2.3. Statistical analyses
Raw sequence data were analyzed using the R 4.0.1 platform using “dada2” packages for the analysis of the 16S rRNA gene sequence (https://benjjneb.github.io/dada2/tutorial.html) (Callahan et al. 2016). Briefly, the adapters and primer sequences were first removed from raw sequence data using “cutadapat.” Moreover, clean sequences underwent trimming and merging. Amplicon sequence variants (ASVs) were derived following the removal of chimeric sequences, and their categorization was achieved using the Silva database release 138 to attain taxonomic insights (Quast et al. 2013; Yilmaz et al. 2014). The ASV table was subsampled to the minimum requisite sequence count for subsequent statistical assessments. Calculation of α-diversity (Shannon and Chao1 indices) was executed with the “microeco” and “vegan” packages (Liu et al. 2021, Oksanen J et al. 2022). The α-diversity and community composition visualizations were produced using Origin 2020 and the “ggplot2” packages in R (Pingram et al. 2019). Non-metric multidimensional scaling (NMDS) based on Bray-Curtis distances was performed using “micreco” packages to visualize the similarity between samples.
To analyze the community composition of Bathyarchaeia , a phylogenetic tree was constructed employing reference sequences from a prior study to classify the Bathyarchaeia subgroup (Zhou et al. 2018). The outgroup sequences belonged to Crenarchaeum (Cenarchaeum symbiosum ) and Nitrosoarchaeum (Nitrosoarchaeum koreensis ). These reference sequences encompassed 15 Bathyarchaeial subgroups (Zhou et al. 2018). ASVs affiliated with Bathyarchaeia , as per the Silva 138 database, were also selected. The construction of the phylogenetic tree was executed within the MEGA11 platform (Tamura et al. 2021). The alignment of all sequences was performed using ClustalW, and the Maximum Likelihood tree was employed for the construction, with a Bootstrap analysis (1000) being carried out to evaluate tree topology (Zhou et al. 2018). Based on the tree, the subgroup information of Bathyarchaeial ASVs was obtained and used for downstream statistical analyses.
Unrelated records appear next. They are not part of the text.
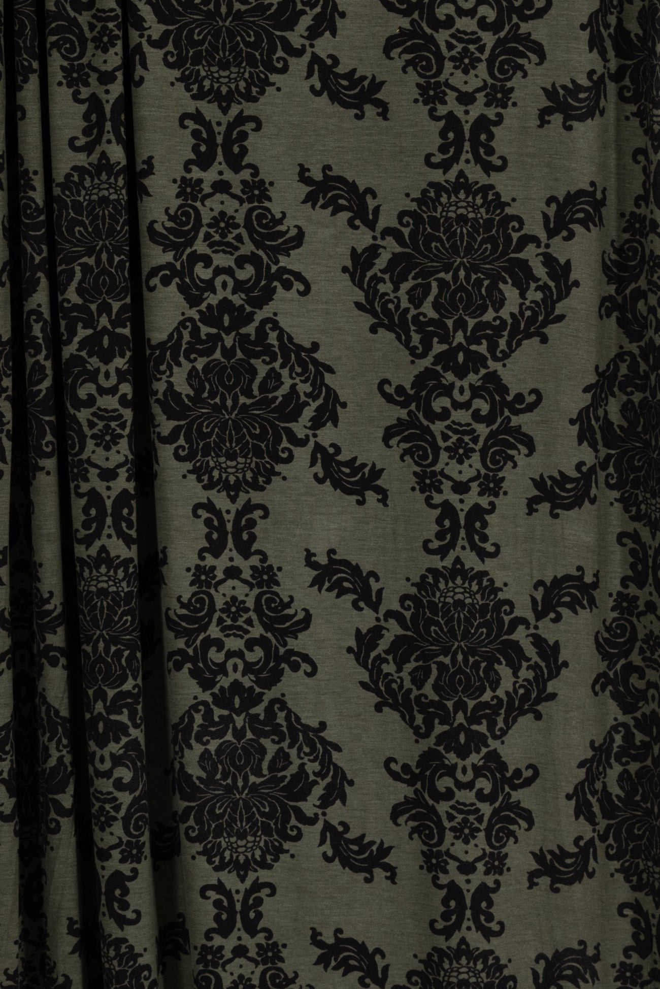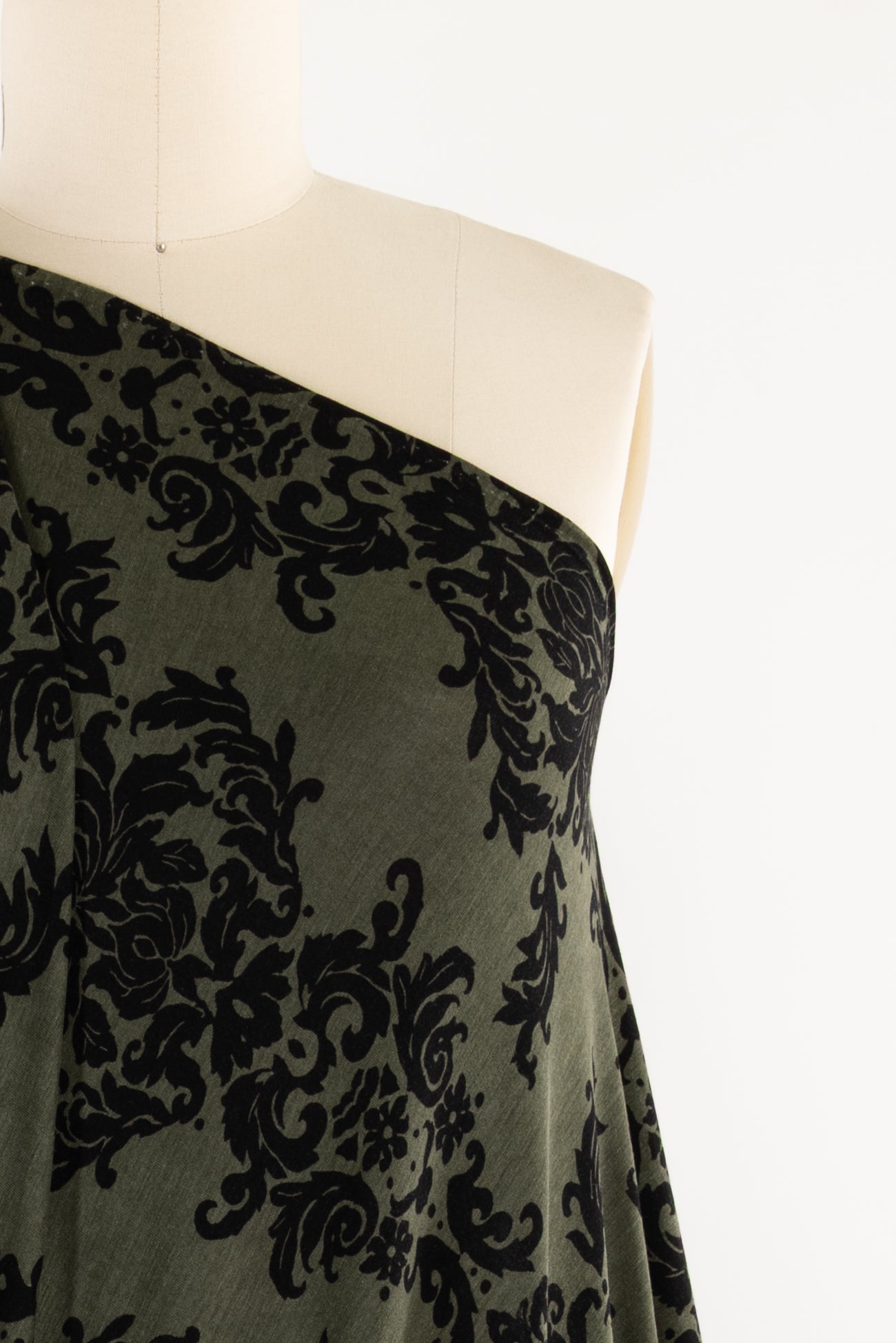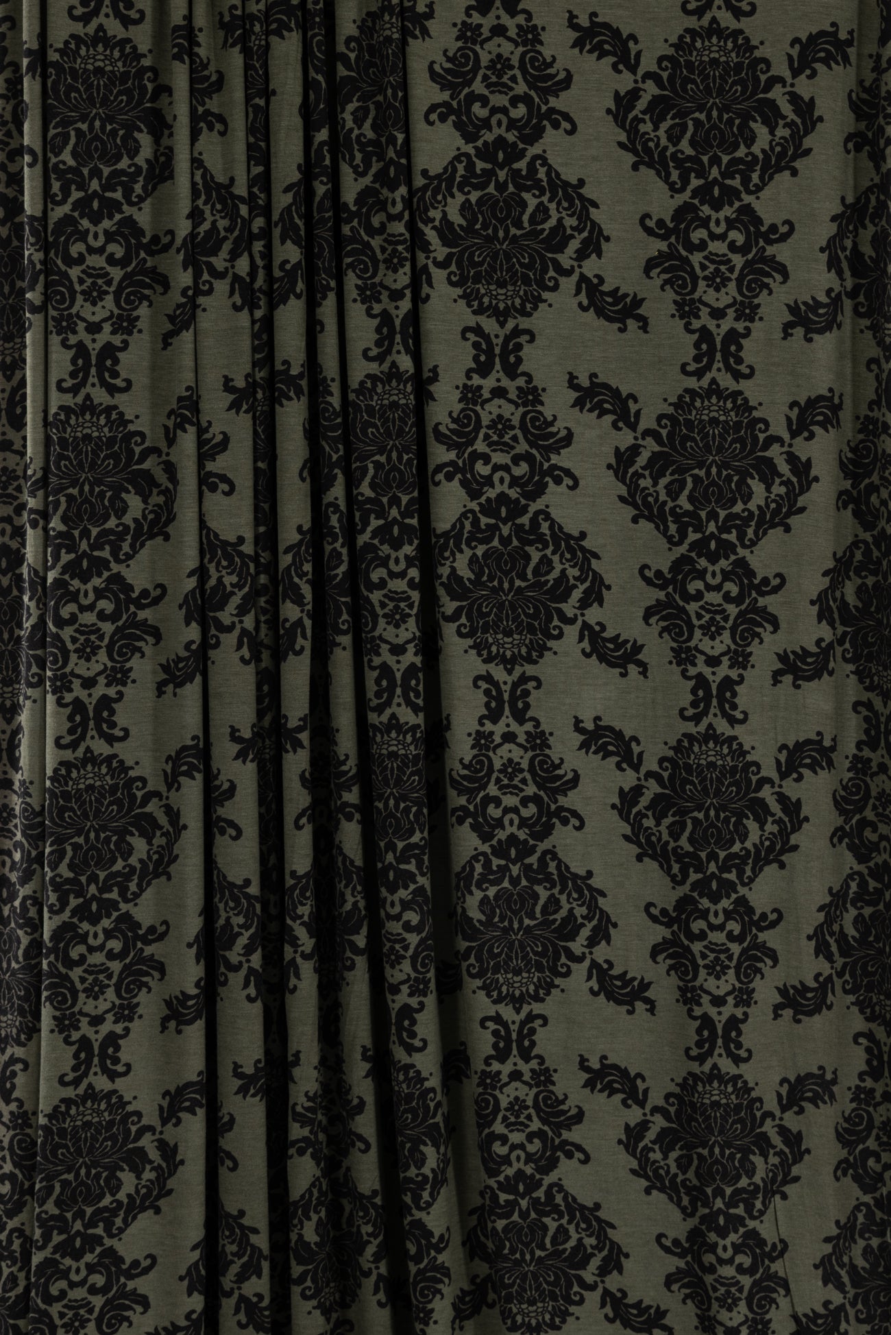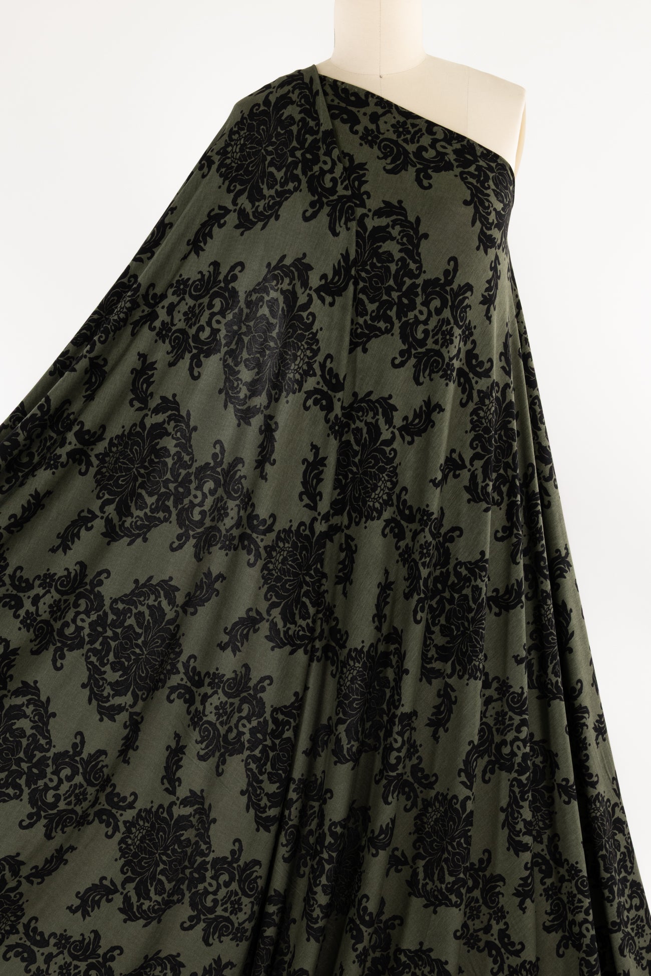 Striking black baroque botanical motifs enhance a moss green rayon/lycra knit. Dramatic deadstock produced for an LA designer. Light/mid-weight, with good 4-way stretch and recovery, a soft smooth hand, soft drape, 11¼" repeat, and some rolling at the cut edge. Right for a top, t-shirt, tunic, dress, skirt, soft pant, kimono, caftan, loungewear, men's, or children's.
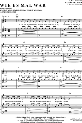 Wie Es Mal War - Sheet Music for Piano and Voice Wincent Weiss
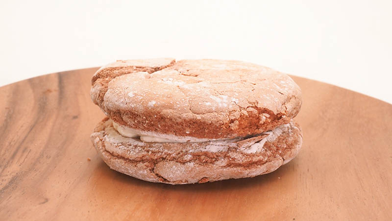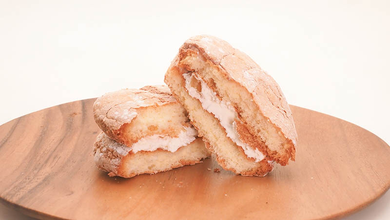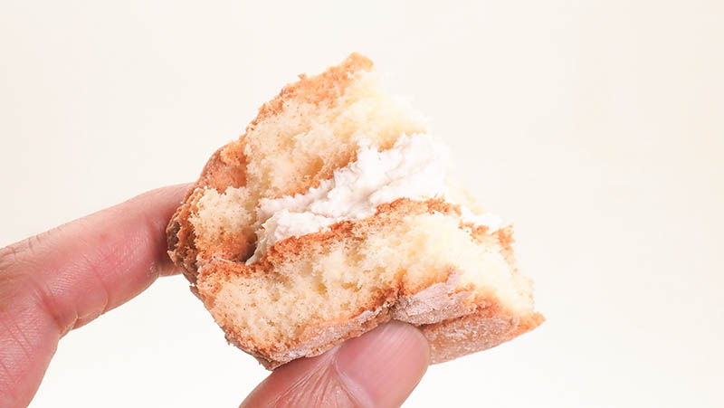 すごい厚みのあるブッセです。外側はカリッと焼き上げられていて粉砂糖が振りかけられています。
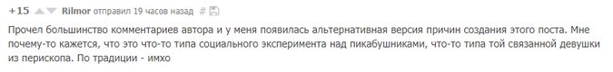 Другие указывают на кота: по рассказам гостей хозяина квартиры, животное находилось в той комнате, где шум слышно больше всего. «То есть кот, по своему собственному желанию, находился именно в, извините, „аномальной комнате“, при этом чувствовал себя от этого крайне херово (со слов другого пикабушника), но никуда и не собирался смыться?» — недоумевают пользователи. Другие считают, что ничего странного в этом нет. Появляются и совсем необычные версии появления истории о психологическом терроризме.

ArcMap software was used to predict and visualize the large-scale distribution pattern of Bathy-6 across eastern China paddy soils for the analysis of predictive atlas maps. The Kriging interpolation method was used to estimate the relative abundance of Bathy-6 across the whole map after the input of site information, including geographical coordinates and the relative abundance of Bathy-6 . Further, the predictive maps were obtained using a province mask. For the heatmap of Bathyarchaeial ASVs, the figure was constructed using Evolview (Subramanian et al. 2019).
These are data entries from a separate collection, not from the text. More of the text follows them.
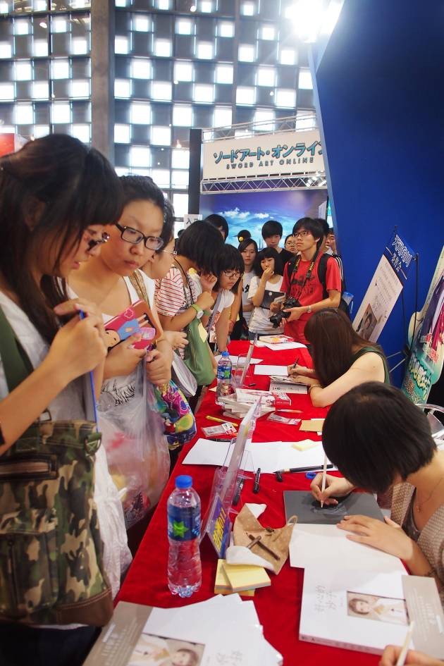 相比三年前首次亮相中國國際動漫游戲博覽會,向讀者們推出的僅是輕小說圖書,發(fā)展至今的天聞角川已經實現(xiàn)了系列書籍的規(guī)?;⒆髌奉愋团c題材的多樣化。除引進優(yōu)秀作品外,天聞角川還致力于在原創(chuàng)輕小說、漫畫、繪本、畫集、雜志等方面不斷推出精品暢銷書,如Buddy創(chuàng)作的漫畫《初·末ONCE AGAIN》、昔酒011創(chuàng)作的繪本《好心的沙子》、呀呀創(chuàng)作的畫集《花·女詞》等,都是優(yōu)秀的原創(chuàng)作品,均將在本場展會亮相。天聞角川在一百多平米的展位里,以精心的布置和擺放,向讀者展示了近800種的圖書。專門針對本場展會特別首發(fā)的人氣圖書《刀劍神域11》和《KEI畫集 mikucolor》,以及今年首度推出的“輕文學”“天驕書坊”新書系,在開展第一天就被讀者一搶而空,工作人員又緊急安排補貨。天聞角川向大家呈現(xiàn)動漫圖書的王國,讓讀者盛夏暢游書海,快樂充實!
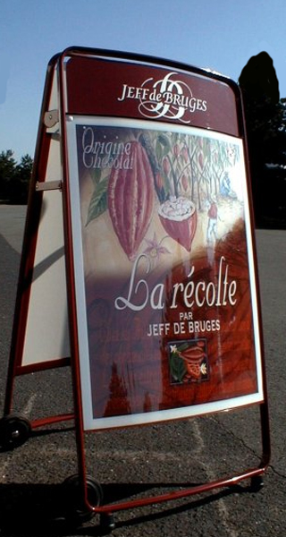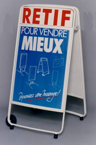 Ce panneau d'affichage dépliable en chevalet est idéal pour les centres-villes où vous devez chaque soir rentrer votre panneau.
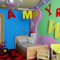 - The most appropriate volumetric letters in the interior of the bedroom of younger students or in the children's room. These elements are relevant in everything from the pattern of the upholstery of the sofa and bed linen to the supports for bookshelves in the form of letters and numbers. Children willingly participate in making such a decor with their own hands.
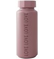 Smart Design Letters thermo bottle in purple, with "Love" written four times on the side, in dark purple.

To investigate the determinism and stochasticity in influencing archaeal and Bathyarchaeial community structure, the Sloan neutral community model (NCM) was used to determine the effect of stochasticity on the archaeal and Bathyarchaeial community assembly using the “Hmisc” package (Sloan et al. 2006, Harrell & Dupont 2019). The “spaa” package was used to evaluate the width and overlap of the niche (Zhang 2016). A cognitive assessment was employed to ascertain the connection between environmental factors and microbial communities with the utilization of the “linkET” package. Structural equation modeling (SEM) was employed to quantify the direct and indirect influences of environmental factors on the shaping of both the archaeal and Bathyarchaeial communities, utilizing SPSS and AMOS software. To elucidate the correlational association between environmental factors and the relative abundance of Bathyarchaeial subgroups, Pearson’s correlation analysis was conducted through the “microeco” packages. The graphical representations were generated using Origin 2020.
For the co-occurrence network analysis, Spearman’s correlation coefficients between ASVs were initially calculated through the “microeco” packages on the R platform. The Spearman’s correlation threshold was set at a coefficient > 0.7 or < -0.7 with a significance level of p < 0.01. Subsequently, the networks were visualized using Gephi.